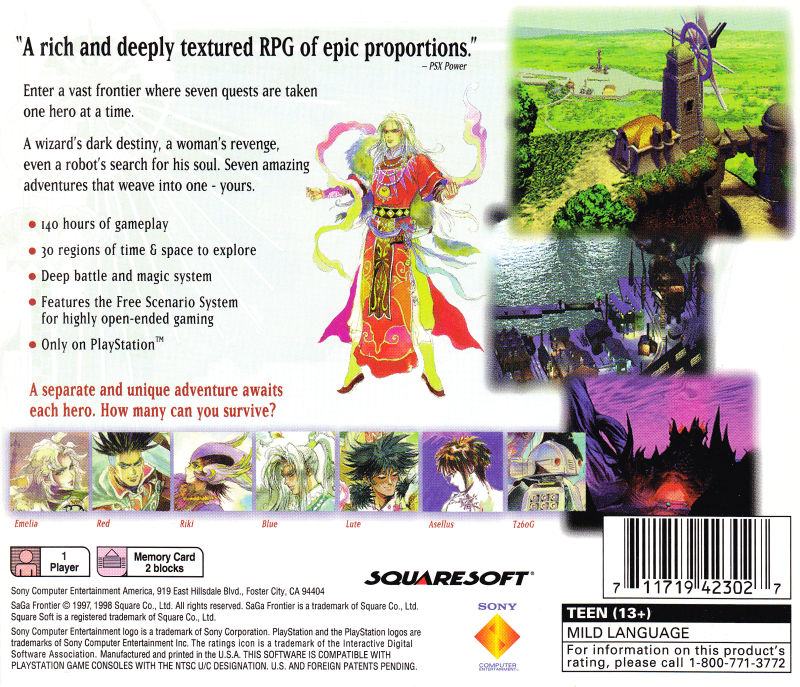 SaGa Frontier was a role-playing video game developed by Square for the PlayStation and released in North America on March 25th, 1998. It is the seventh game in the SaGa series and the first to be released on the PlayStation.
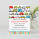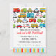 Födelsedagsinbjudan med transporttema med massor av olika bilar och fordon
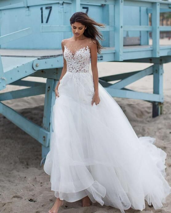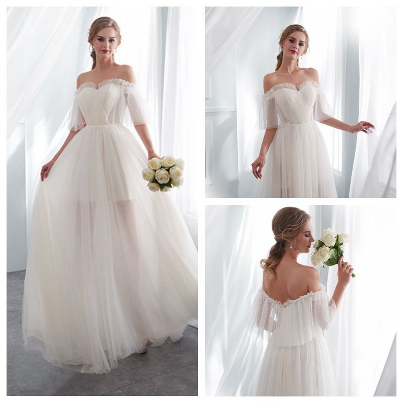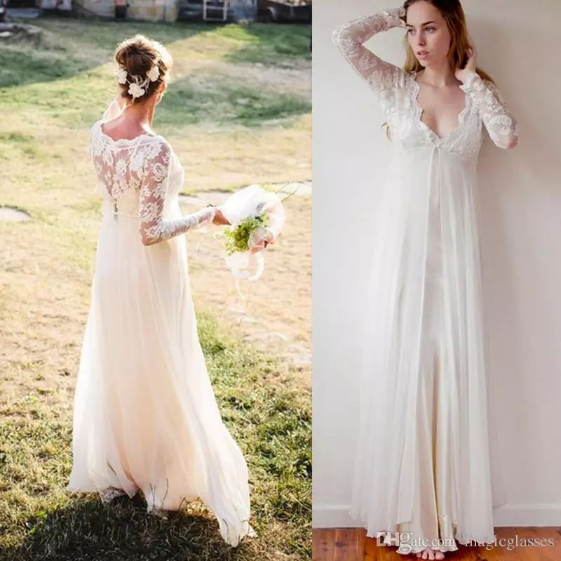 Beach Square Long Sleeve Lace Pleated Maternity Wedding Dress
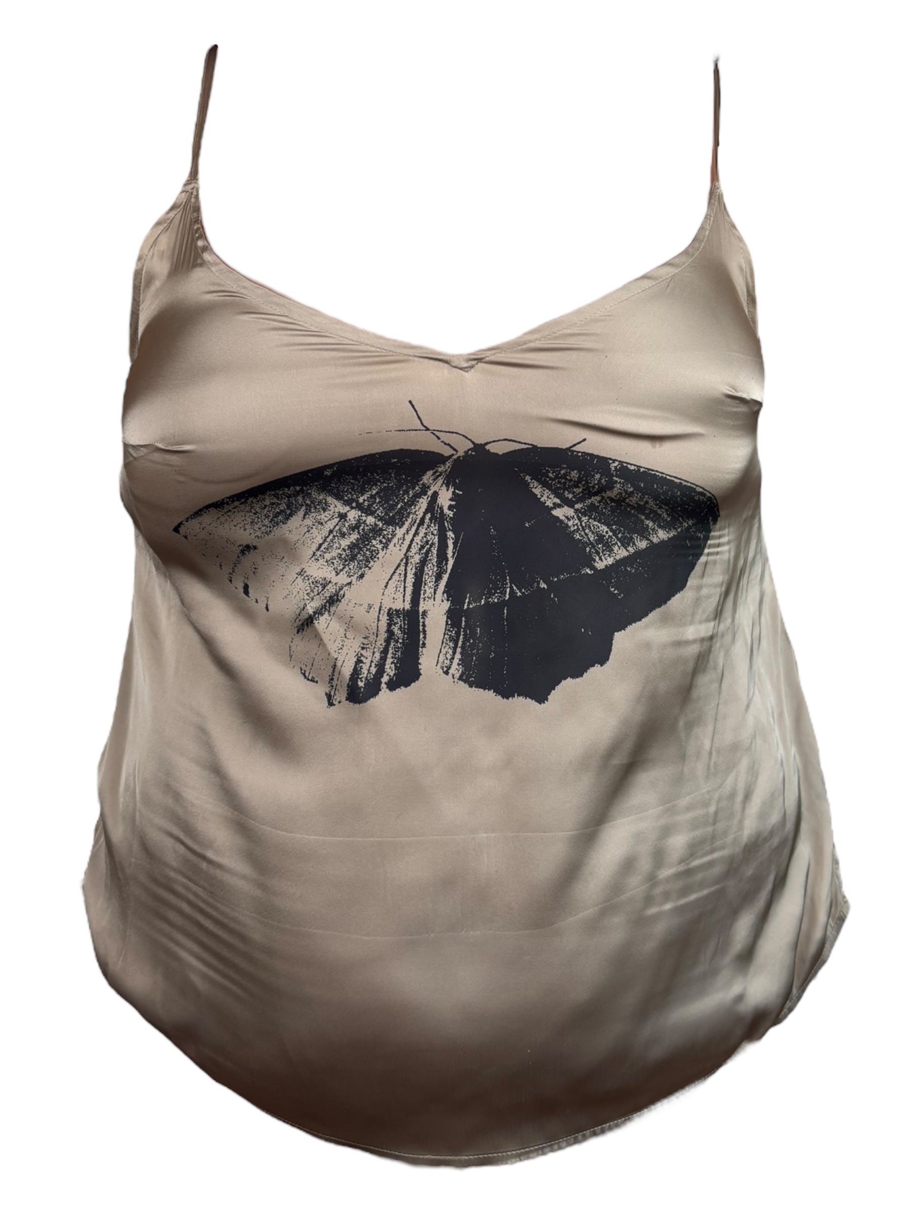 Hand-printed upcycled tank/blouse/tee. Small black misprint as pictured.
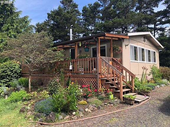 Hear the Ocean at this beach area 3 bedroom 2 bath well cared for mfg home. Open floor plan with living room, family room and dining room. Master bedroom has a walk in closet and a full bath. Come relax in this park like private yard with fruit trees, raised bed planters and beautiful flowering plants. Sit on the covered front porch and enjoy the beauty. Has a 2 car detached garage with workshop. Also has carport with access to back door entrance.
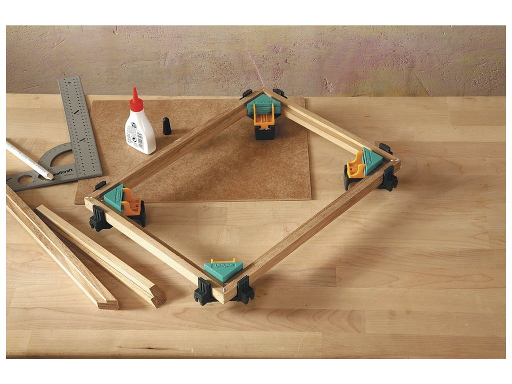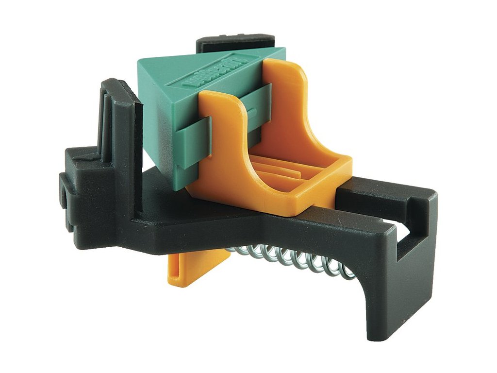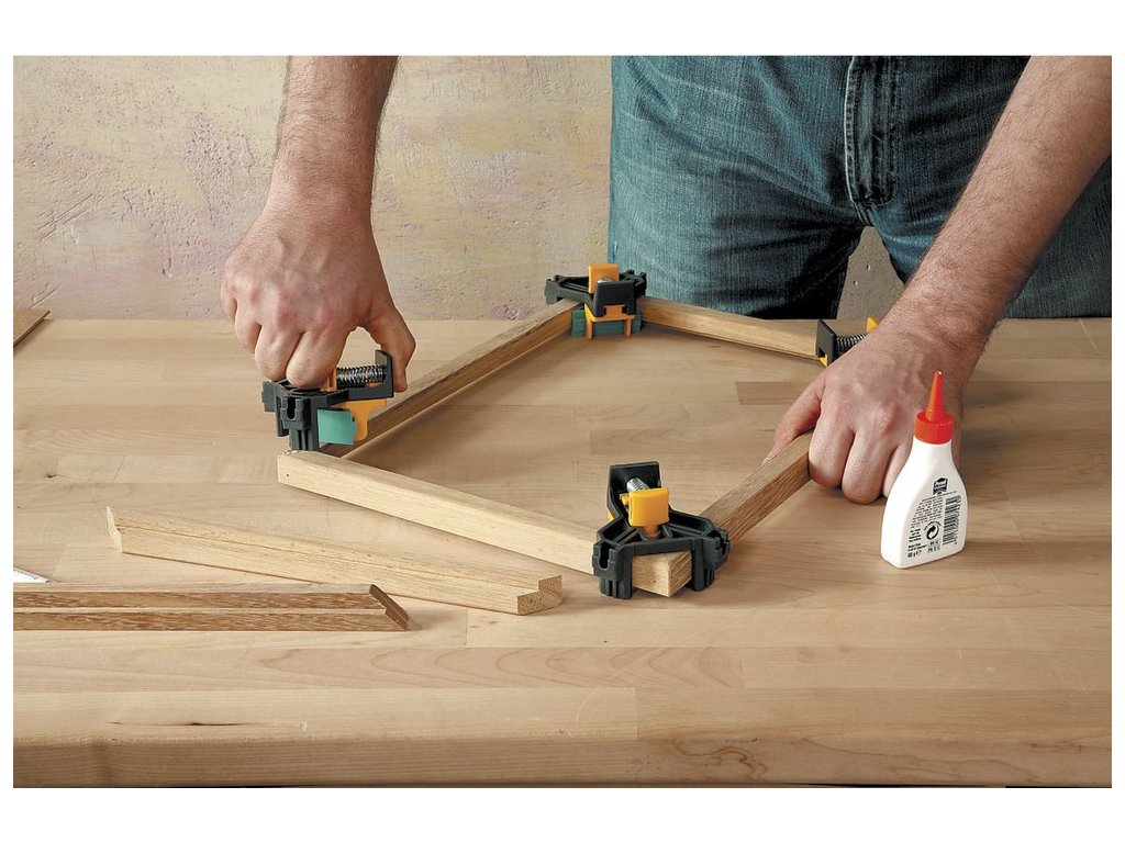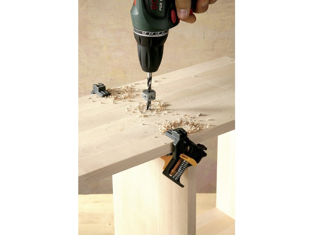 K jednoduchému a rýchlemu fixovanie dosiek a rámov v uhle 90 ° napr. Pri stavbe regálov, skriniek alebo rámov, fixovací pomôcka pri skrutkovanie alebo glejenie, pre rohové a T spájanie, tiež pri rozdielnych šírkach dosiek, pre šírku dosky 10 - 22 mm, jednoručné obsloha - druhá ruka voľná pre materiál
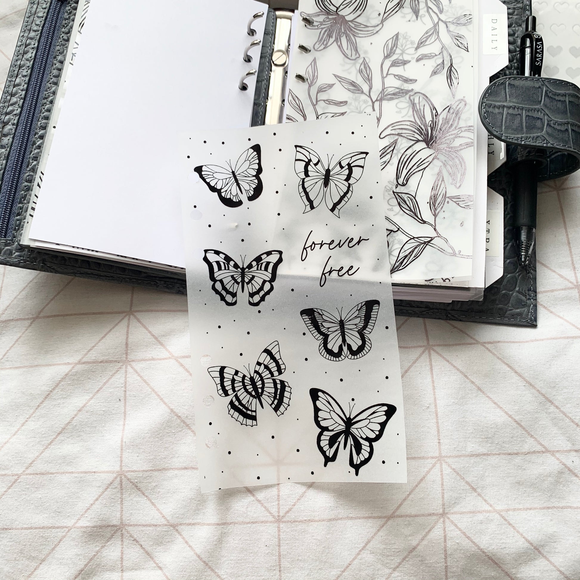 Printed Vellum X Acetate Planner Dashboard- Forever Free Butterflies
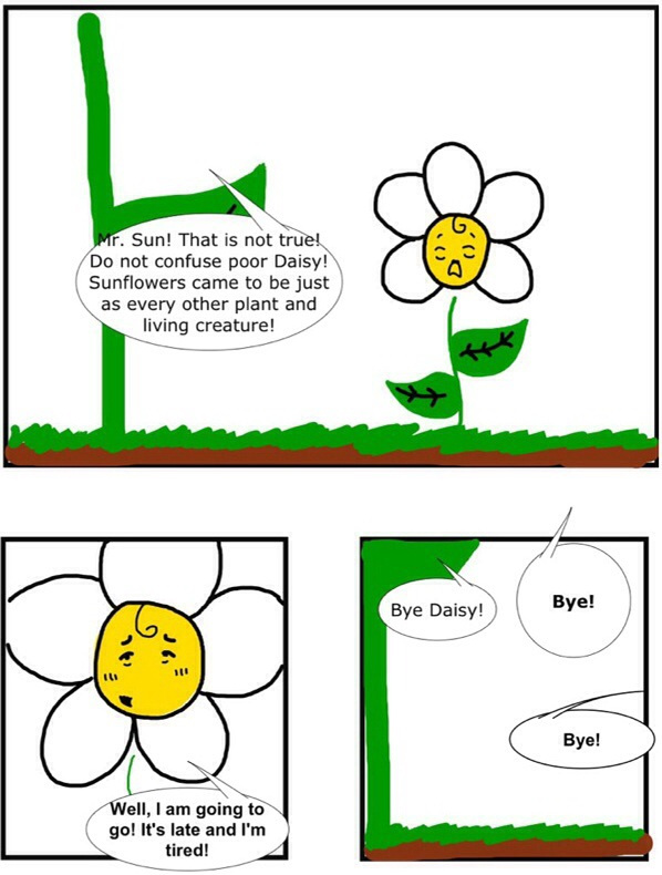 A comic about the odd adventures of Daisy and her friend the Sun. Daisy has this weird curly thing flowers probably shouldn't have.... The Sun has one eye and this odd and conspicuous triangle on his forehead. Later on Daisy will meet other flowers, plants and whatever the crazy author thinks of!
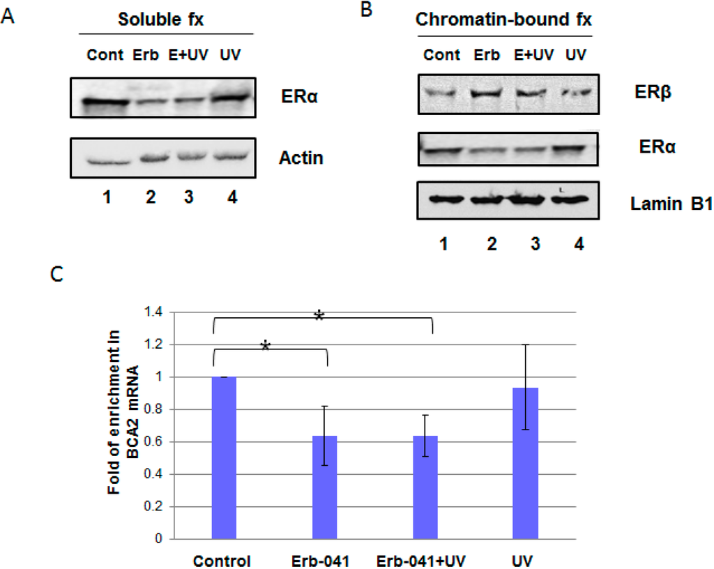 To characterize the effect of Erb-041 on ERα-mediated signaling in MCF-7 cells, we separated cell lysates into soluble and chromatin-bound fractions for protein analysis (Figure 1A,B). We found that 24 h incubation with Erb-041 not only decreased chromatin-bound ERα (Figure 1B, lane 2 vs. lane 1) but also diminished UVC-induced chromatin association of ERα in MCF-7 cells (Figure 1B, lane 3 vs. lane 4). In contrast, chromatin-bound ERβ was increased by Erb-041 in the absence or presence of radiation (Figure 1B, lanes 2 and 3 vs. lane 1). Concurrently, the levels of BCA2 transcripts were decreased by Erb-041, suggesting the ERβ agonistic effect of Erb-041 antagonizes ERα-mediated BCA2 transcription (Figure 1C). These results indicate that Erb-041 reduces ERα chromatin association and BCA2 transcription.
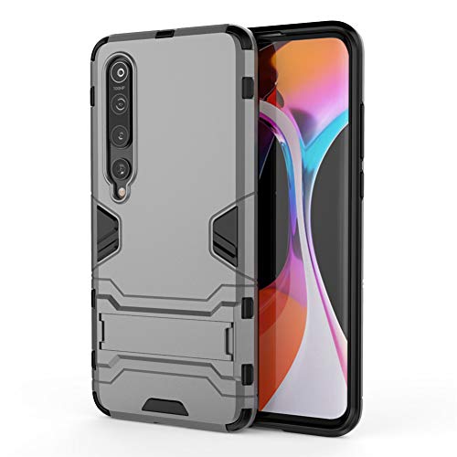 Cover per Xiaomi Mi 10 5G (6,67 Pollici) 2 in 1 Hybrid Dual Layer Completamente Shock Resistente Armour con Cavalletto Funzione Custodia (Grigio)

> The task
With the pictures left out, return the listing above exactly as it stands.

> Solution for this exercise
 SaGa Frontier was a role-playing video game developed by Square for the PlayStation and released in North America on March 25th, 1998. It is the seventh game in the SaGa series and the first to be released on the PlayStation.
 Födelsedagsinbjudan med transporttema med massor av olika bilar och fordon
 Beach Square Long Sleeve Lace Pleated Maternity Wedding Dress
 Hand-printed upcycled tank/blouse/tee. Small black misprint as pictured.
 Hear the Ocean at this beach area 3 bedroom 2 bath well cared for mfg home. Open floor plan with living room, family room and dining room. Master bedroom has a walk in closet and a full bath. Come relax in this park like private yard with fruit trees, raised bed planters and beautiful flowering plants. Sit on the covered front porch and enjoy the beauty. Has a 2 car detached garage with workshop. Also has carport with access to back door entrance.
 K jednoduchému a rýchlemu fixovanie dosiek a rámov v uhle 90 ° napr. Pri stavbe regálov, skriniek alebo rámov, fixovací pomôcka pri skrutkovanie alebo glejenie, pre rohové a T spájanie, tiež pri rozdielnych šírkach dosiek, pre šírku dosky 10 - 22 mm, jednoručné obsloha - druhá ruka voľná pre materiál
 Printed Vellum X Acetate Planner Dashboard- Forever Free Butterflies
 A comic about the odd adventures of Daisy and her friend the Sun. Daisy has this weird curly thing flowers probably shouldn't have.... The Sun has one eye and this odd and conspicuous triangle on his forehead. Later on Daisy will meet other flowers, plants and whatever the crazy author thinks of!
 To characterize the effect of Erb-041 on ERα-mediated signaling in MCF-7 cells, we separated cell lysates into soluble and chromatin-bound fractions for protein analysis (Figure 1A,B). We found that 24 h incubation with Erb-041 not only decreased chromatin-bound ERα (Figure 1B, lane 2 vs. lane 1) but also diminished UVC-induced chromatin association of ERα in MCF-7 cells (Figure 1B, lane 3 vs. lane 4). In contrast, chromatin-bound ERβ was increased by Erb-041 in the absence or presence of radiation (Figure 1B, lanes 2 and 3 vs. lane 1). Concurrently, the levels of BCA2 transcripts were decreased by Erb-041, suggesting the ERβ agonistic effect of Erb-041 antagonizes ERα-mediated BCA2 transcription (Figure 1C). These results indicate that Erb-041 reduces ERα chromatin association and BCA2 transcription.
 Cover per Xiaomi Mi 10 5G (6,67 Pollici) 2 in 1 Hybrid Dual Layer Completamente Shock Resistente Armour con Cavalletto Funzione Custodia (Grigio)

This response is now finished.